I'm weighing in the morning.

Good luck Flower  

Janie...Mmm JP. do you sometimes get Met   from JP's? I do! Especially with tuna.


----------



## janie77

Kerry, I have been lucky with JP's - no met bum with them so far.

Good luck for weigh in


----------



## KerryB

Must just be my weird system!  

Thanks


----------



## flowerpot

Morning girls

Another 1lb off 

13 more to go to get my next stone off for xmas 

brekkie:  optivita and skim milk
lunch:  granary bread with tuna, EL salad cream, toms and onion
tea - pasta with tomato and roast veg sauce


----------



## scratch

Well done you. I am not so optimistic about weigh in tomorrow. I have terrible af bloat and I feel pants. But you never know. I have taken a water tablet and hopefully it will shift some of it. I look about 5 months gone now!!

I did go oout on my bike last night and the wind was horrendous. But it was good exercise it made cycling twice as hard wo hopefully it will have the desired effect

Brekkie  Wheataflakes dried cranberries skim milk
Lunch    Yoghurt friut cereal bar
Dinner    ww veggie chilli and small jp

No cycling tonight I am having an early night as I am soooo tired.


----------



## flowerpot

I'm sure you will have done just fine Sal, all that cycling has to pay off hun.  I'm off work mon-weds next week so am gonna have to try and be good, as i'm worse when at home wanting to eat more x


----------



## KerryB

I stayed the same, which I'm not surprised about. Got DH's birthay this weekend and a meal out on sunday for FIL/MIL's retirement, so won't be good! Will try though!

xx


----------



## scratch

weigh in tomorrow morning keep your fingers crossed for me girls!!


----------



## flowerpot

Sal

Kerry, get back on it after your celebrations - is it one year already since your dh's birthday party? 

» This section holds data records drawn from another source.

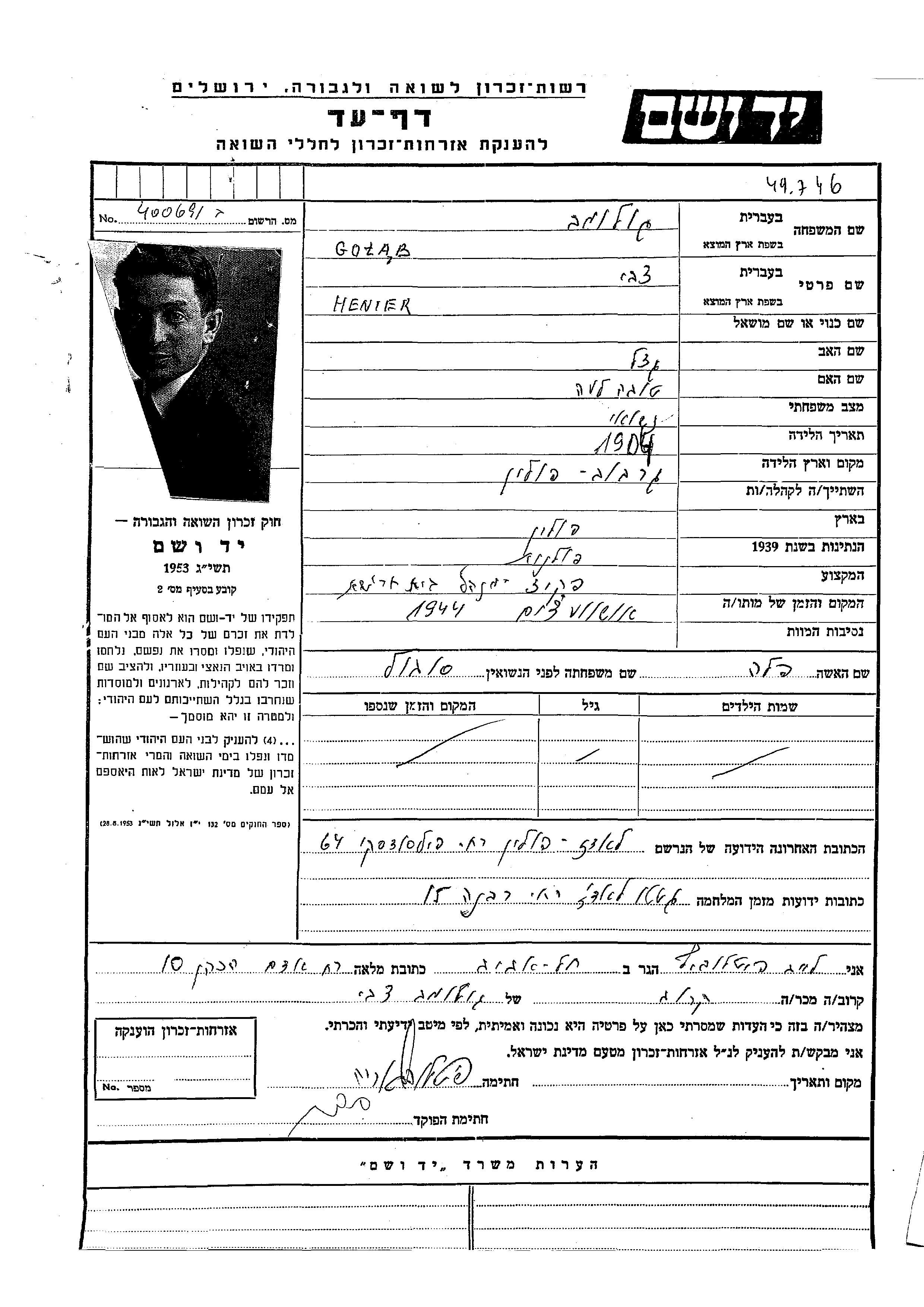 Яд Вашем - Листы свидетельских показаний Мемориального фонда
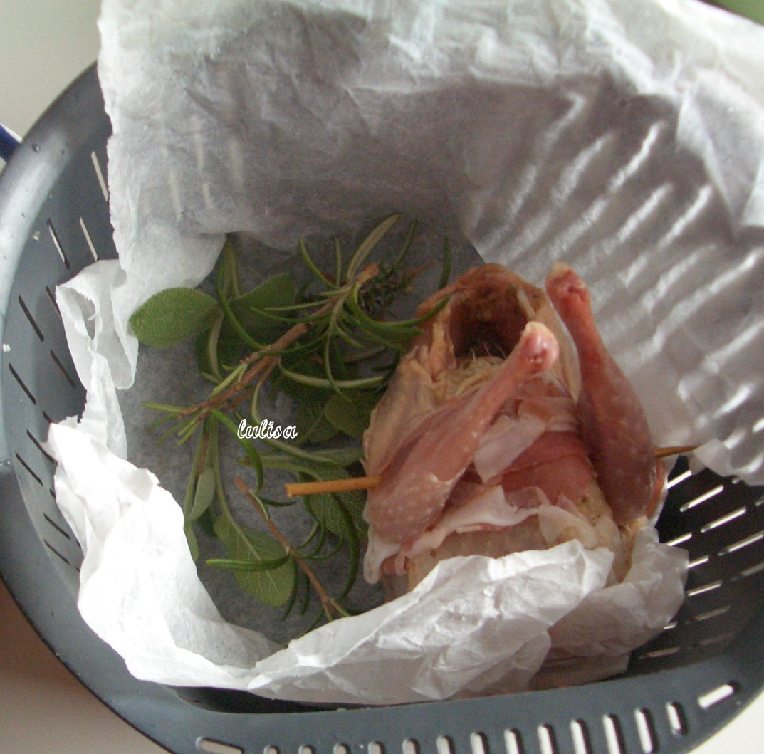 Salare l'interno e mettervi una foglia di salvia, salare e pepare anche l'esterno, bardarle con una fettina di pancetta ed infilzarle su di uno stecchino. Bagnare e strizzare un foglio di carta forno, rivestire il cestello mettere sul fondo la salvia, il rosmarino ed il timo (per chi ha il mirto sostituisce le erbe indicate con quello). Adagiarvi le quaglie e la salsiccia
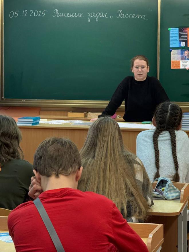 5 декабря в ГУО "Средняя школа № 7" г. Речицы состоялась профориентационная встреча студентки факультета математики и технологий программирования группы ПРО-21 Шкандратовой Юлии с одиннадцатиклассниками. Юлия подробно рассказала о специальностях, об учёбе и внеучебной деятельности студентов факультета.
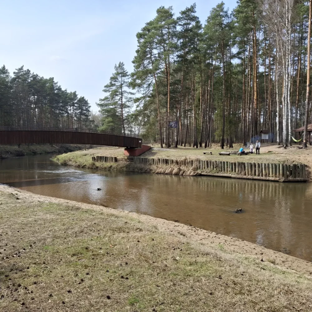 Ruszamy dalej. Mijamy most przy którym ostatnio kończyłem spływ, drugi most i na koniec kładka obok Zameczku Myśliwskiego „Malepartus”. Wszystkie mosty w granicach Zawadzkich a przy kładce kończymy dzisiejszy etap. Miejsce ogniskowe obok wiat zajęte przez parkę z córką i ładnym pieskiem. Nie widzą oni jednak problemu byśmy i my skorzystali z tego miejsca. Grzejemy zatem kiełbaski i po godzinnej przerwie odjeżdżamy na miejsce noclegowe.
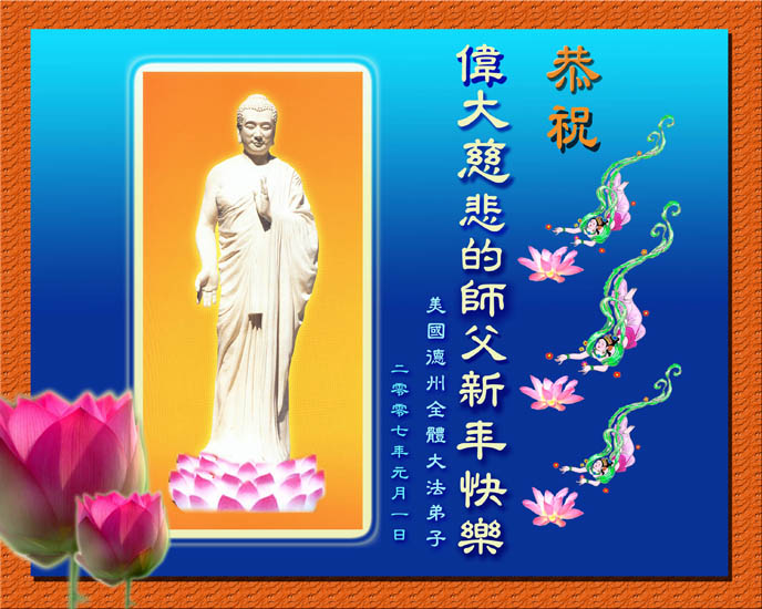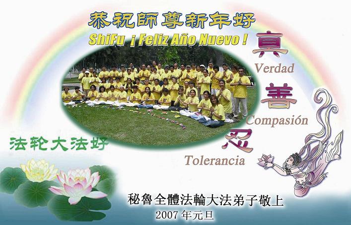伟大的师尊: 值此新年来临之际,美国德州全体大法弟子向慈悲伟大的师尊致以最最崇高的敬意与感恩并表达弟子们最诚挚的问候:师父新年好,师父您辛苦了!谢谢您的慈悲救度。 请师父放心,弟子们一定勇猛精進,做好大法弟子该做的三件事!无愧于正法时期大法弟子这伟大的称号和殊荣。决不辜负师父的慈悲苦度!请师尊放心! 美国德州全体大法弟子叩首敬上 二零零六年十二月二十八日 秘鲁全体法轮大法弟子恭祝师尊新年快乐!

dh made my butties and did me 4 slices of bread  they were lovely though and I have counted them as 1½ per slice as they were medium sliced but with seeds etc.   I'll have a small pasta tonight


----------



## Witchie Poo Cat

Hi Girls

how are we all doing today?  Im feeling a bit under the weather today.  Woke up with a sore throat and it seems ive pulled a muscle in my neck which is REALLY sore  

Anyway, diet is still going well.  Couldnt even finish my tesco H/L chicken pasta last night - whats all that about?  Who ever heard of a ready meal that actually fills you up?     Must be those frozen veggies!

Flower - Well done on your pound off this week, thats a great start towards your goal for christmas.  Glad you tried and liked the veggies.  Makes eating your 5-a-day a bit easier when its all measured out for you!  I love the baby veg one the best 

Sal - good luck for tomorrow hun.  I weigh in tomorrow as well.  Got a scan early morning though so not sure if I will weigh first thing or wait til I come back.  Maybe I will do both and go with the one thats lighter?    Sorry to hear your feeling bloated.  Ive been feeling a little bloated with these injections but it doesnt seem to be affecting my weight - I dont know if thats a good thing or a bad thing as I have nothing to blame it on! lol

Kerry - STS is harder than losing hun so dont be too hard on yourself, think of it as practising for getting to goal    Dont deprive yourself over the weekend but just try not to splurge too much!  I always use a celebration as licence to eat like a horse, which probably explains a lot since i use any excuse for a celebration!  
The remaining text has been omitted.